Social Security Administration, Lansing, Michigan (Agency) and American Federation of Government Employees (Union)
[ v58 p 93 ]
58 FLRA No. 18
SOCIAL SECURITY ADMINISTRATION
AMERICAN FEDERATION OF GOVERNMENT
September 12, 2002
Before the Authority: Dale Cabaniss, Chairman, and
Carol Waller Pope and Tony Armendariz, Members [n1]
I. Statement of the Case
This matter is before the Authority on exceptions to an award of Arbitrator Marvin J. Feldman filed by the Agency under § 7122(a) of the Federal Service Labor-Management Relations Statute (the Statute) and part 2425 of the Authority's Regulations. The Union filed an opposition to the Agency's exceptions.
The Arbitrator found that although the grievants' actions were improper, the Agency violated the parties' agreement by suspending the grievants for 2 days. As a remedy, he directed the Agency to give the grievants written warnings to be placed in their personnel files.
For the reasons that follow, we conclude that the remedial portion of the award is deficient. Accordingly, we set it aside.
II. Background and Award
Two employees were disciplined for violating the Agency's unauthorized system access rule. Under the rule, employees may not access their own Agency computer records or the records of family, friends or neighbors. The facts show that, in an effort to assist her recently widowed mother, one employee asked a colleague to review the information contained in her father's benefit records to determine if her father's death [ v58 p94 ] certificate had been posted. The colleague agreed. Thereafter, both employees received 14-day suspensions. Subsequently, the suspensions were reduced to 2 days. The employees filed grievances challenging the 2-day suspensions, and the grievances were submitted to expedited arbitration.
The parties did not stipulate the issues to be resolved. The Arbitrator stated that he would resolve the parties' dispute "solely upon the just cause provision" (Article 23, Section 1) of their collective bargaining agreement.

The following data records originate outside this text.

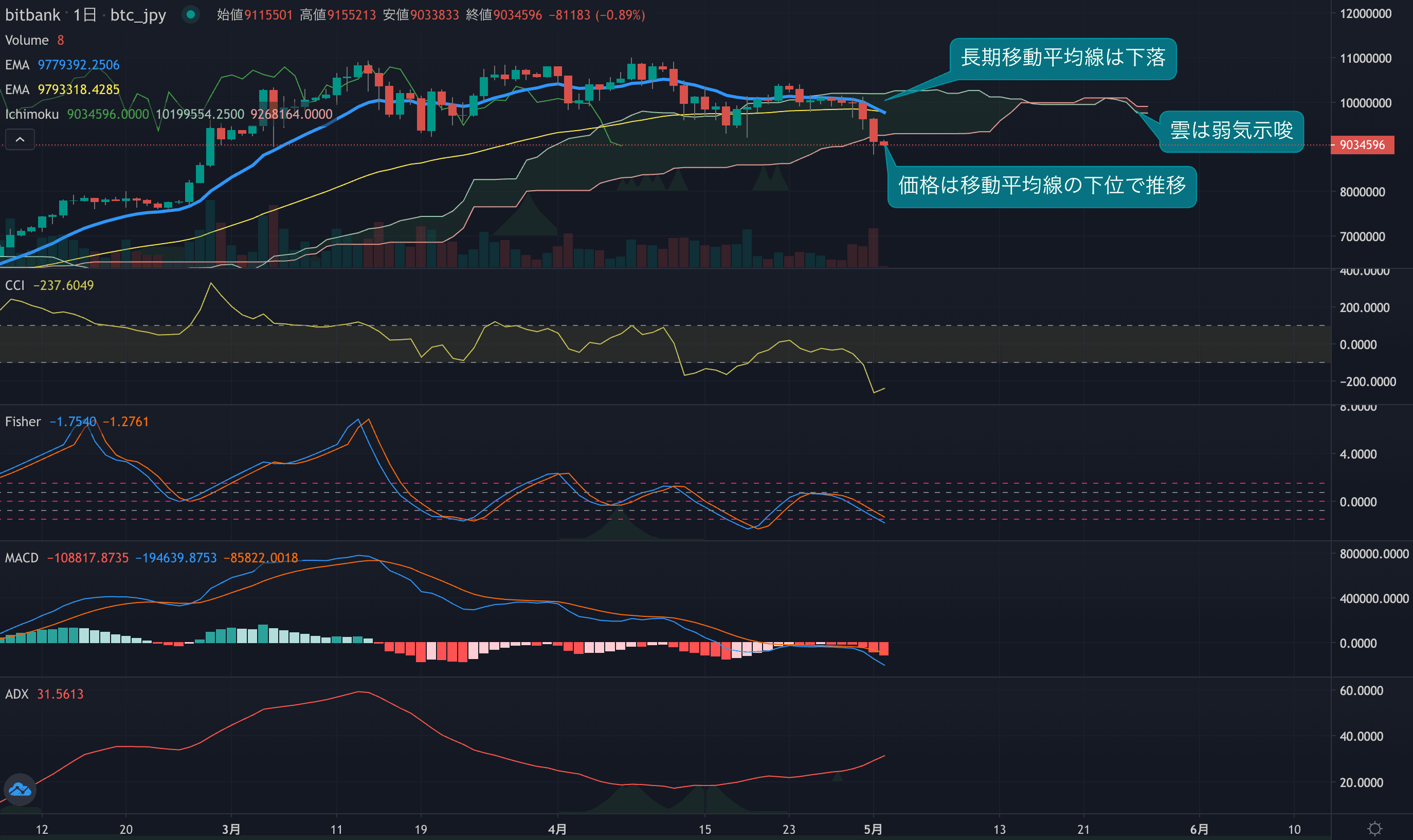 BTC相場は900万円を下回る、サポート割れで売りが急増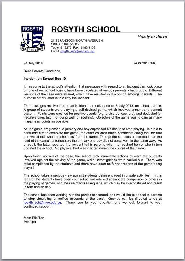 校长在信函中表示,由于流传的简讯中,对事件有几个不同版本,引起家长的不安,因此通过信函澄清事件。这起事件发生在本月3日,一群乘搭第19号校车的学生当时在玩一个“自创游戏”,“游戏的目的是尽可能地获取更多‘快乐’分数。”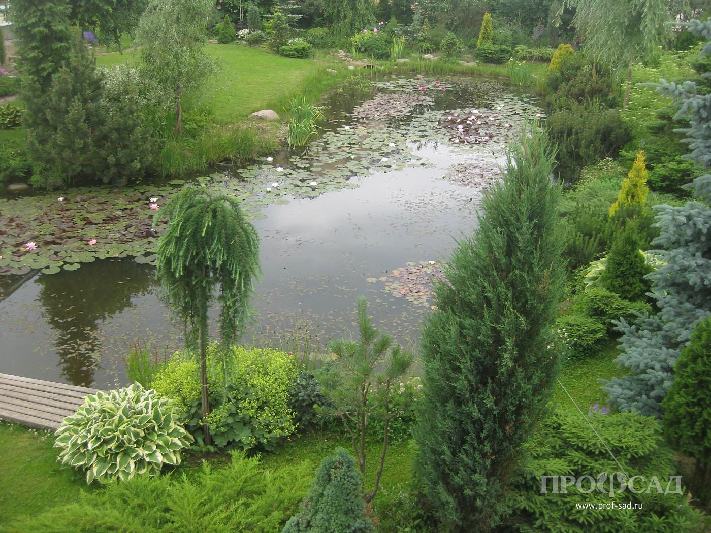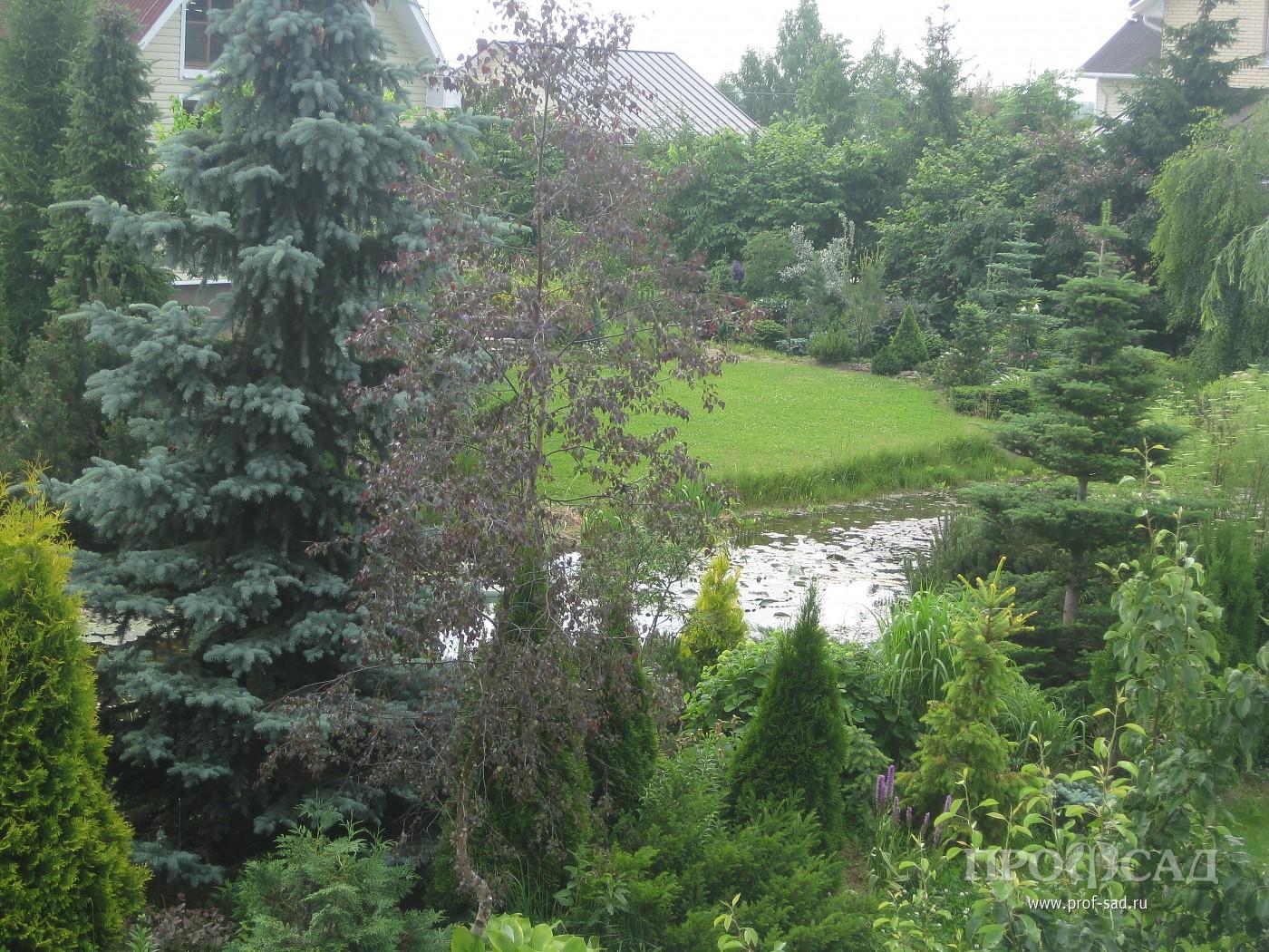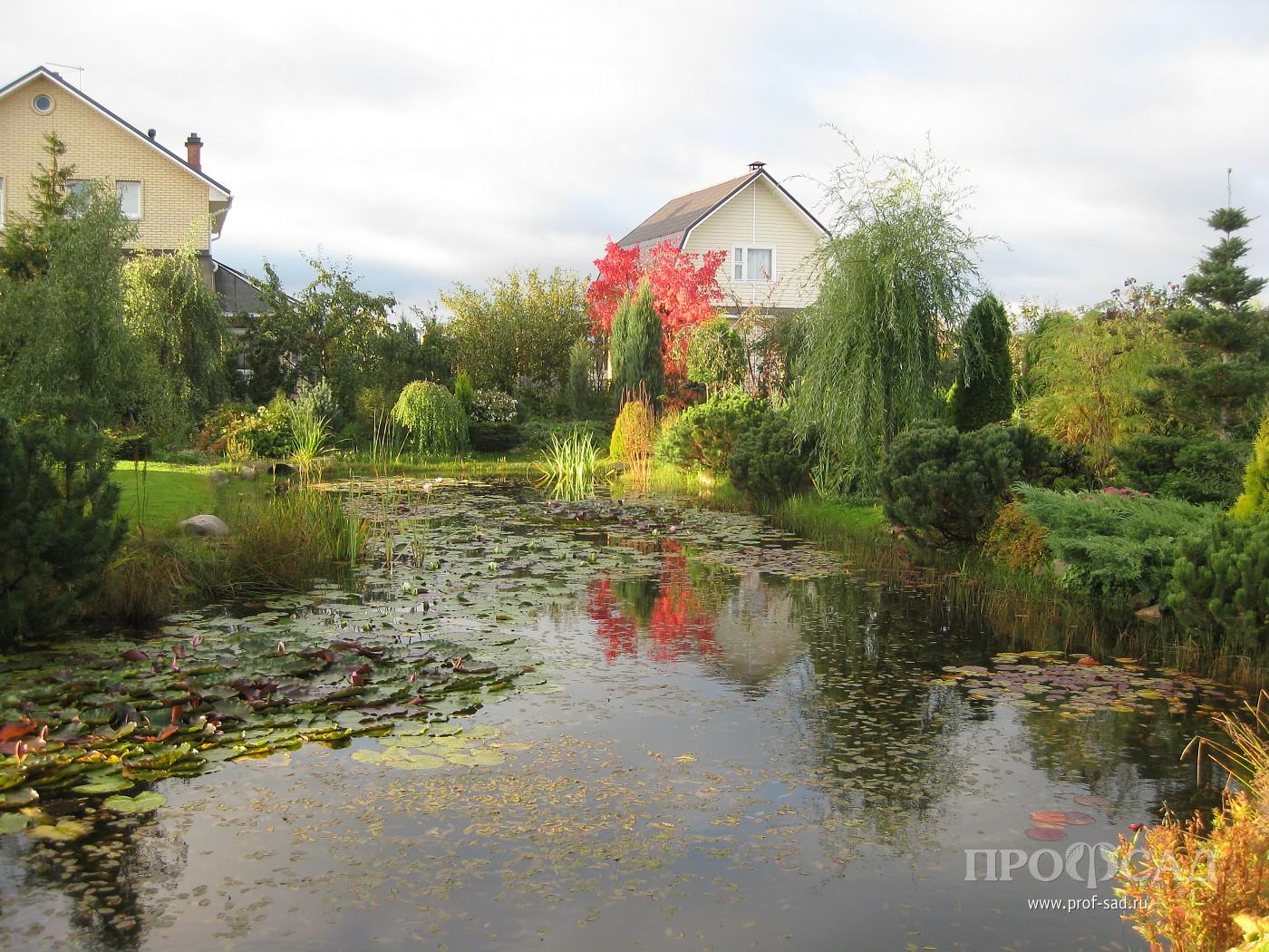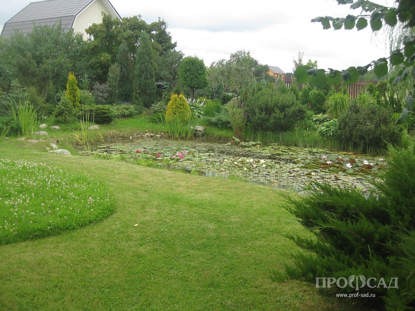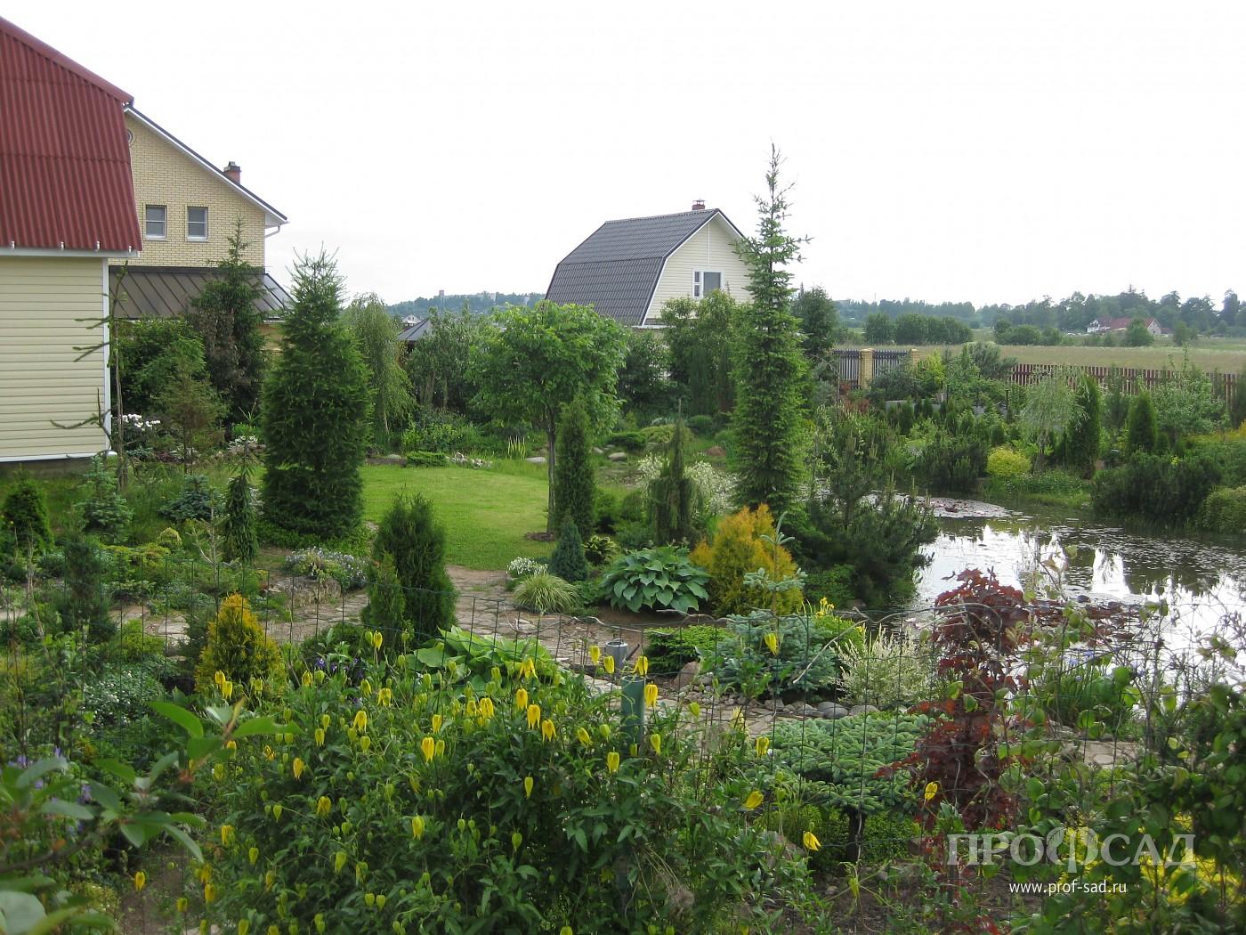 Участок мы приобрели в 1997 году. При выборе ориентировались на удобный транспорт и близость к городу, т. к. главным было строительство дома для постоянного проживания. И оказались в самом центре большого поля. Исторически это являлось частью Лугового парка, входившего в садово-парковый комплекс с системой накопительных прудов и каналом, питающим знаменитый фонтан Большой Самсон. Глубокий слой глины и регулярное подтопление не позволяли выращивать что-либо из культурных растений. Местные жители использовали луг под сенокос. Удивительно, несмотря на близость города, в 5-ти минутах езды от станции Новый Петергоф, луг облюбовали дикие гуси и весной останавливались на отдых. Летом гнездились чибисы и кулики, зимой бегали зайцы и лисы. Заросший высокой травой, без единого деревца или кустика луг прекрасно вписывался в общую панораму местности, для обозрения которой, царской семьёй был построен дворец Бельведер. В наше время застроена половина из 20-ти гектаров луга. Жить здесь удобно, но для сада, о котором мечтали, место оказалось проблемным. Было понятно, что без серьёзной подготовки на чистой глине сад не вырастить. Выбора не было, пришлось главный минус попытаться превратить в плюс. Выкопали котлован глубиной 2,5м и длинной 20м. Осенью после обильных дождей котлован заполнился водой и за последующие годы ни разу не пересыхал. Так просто можно сделать пруд только на глинистой почве. Вынутым грунтом приподняли северную часть участка, предварительно переместив верхний более плодородный слой на место запланированного плодового сада. Все 30 соток нашего сада спланированы так, чтобы дождевая и талая вода стекали в пруд и по канавкам уходили в общую дренажную систему. Большой размер пруда позволяет содержать его без лишних хлопот и самое главное, даёт возможность выращивать водные растения. Нимфеи, высаженные прямо в грунт без корзин и горшков, хорошо цветут и не требуют ухода. Пруд с прилегающими посадками и домом отделяют зону отдыха от остальной территории. Здесь производились первые посадки. Как основные, использовались растения, выращенные из семян и черенков. Пока подрастали первые, готовилось место под посадку следующих растений. Почву готовили основательно. Для этого купили старенький самосвал и несколько лет завозили землю, песок, торф и компост.

Award at 6. [n2] In so stating, the Arbitrator noted that the original 14-day suspensions had been levied pursuant to the Agency's Table of Penalties, which was the subject of another arbitration proceeding. [n3]
The Arbitrator found that the grievants knew the unauthorized access rule and "knew that they had violated the rule." Award at 7. However, after reviewing the grievants' reputations and service records with the Agency, the Arbitrator found that "management overreacted in the matter at hand." Id. at 8. He concluded that although the grievants' activity "was certainly contrary to rule," the suspensions should not have been invoked since the grievants' actions did not result in any irreparable harm. Id. The Arbitrator modified the suspensions "into a written warning which will find its way into the personnel file of each [grievant]" and directed that the grievants be reimbursed for their suspensions. Id.
III. Positions of the Parties
A. Agency's Exceptions
The Agency contends that the award fails to draw its essence from the parties' bargaining agreement. In support of this contention, the Agency relies on United States Dep't of Justice, INS, Del Rio Border Patrol Sector, Tex., 45 FLRA 926 (1992) (INS, Del Rio), a case in which the Authority overturned an award setting aside a grievant's suspension. The Agency argues that, as in INS, Del Rio, the award in this case is deficient because the Arbitrator found just cause for the grievants' discipline but set the discipline aside in its entirety.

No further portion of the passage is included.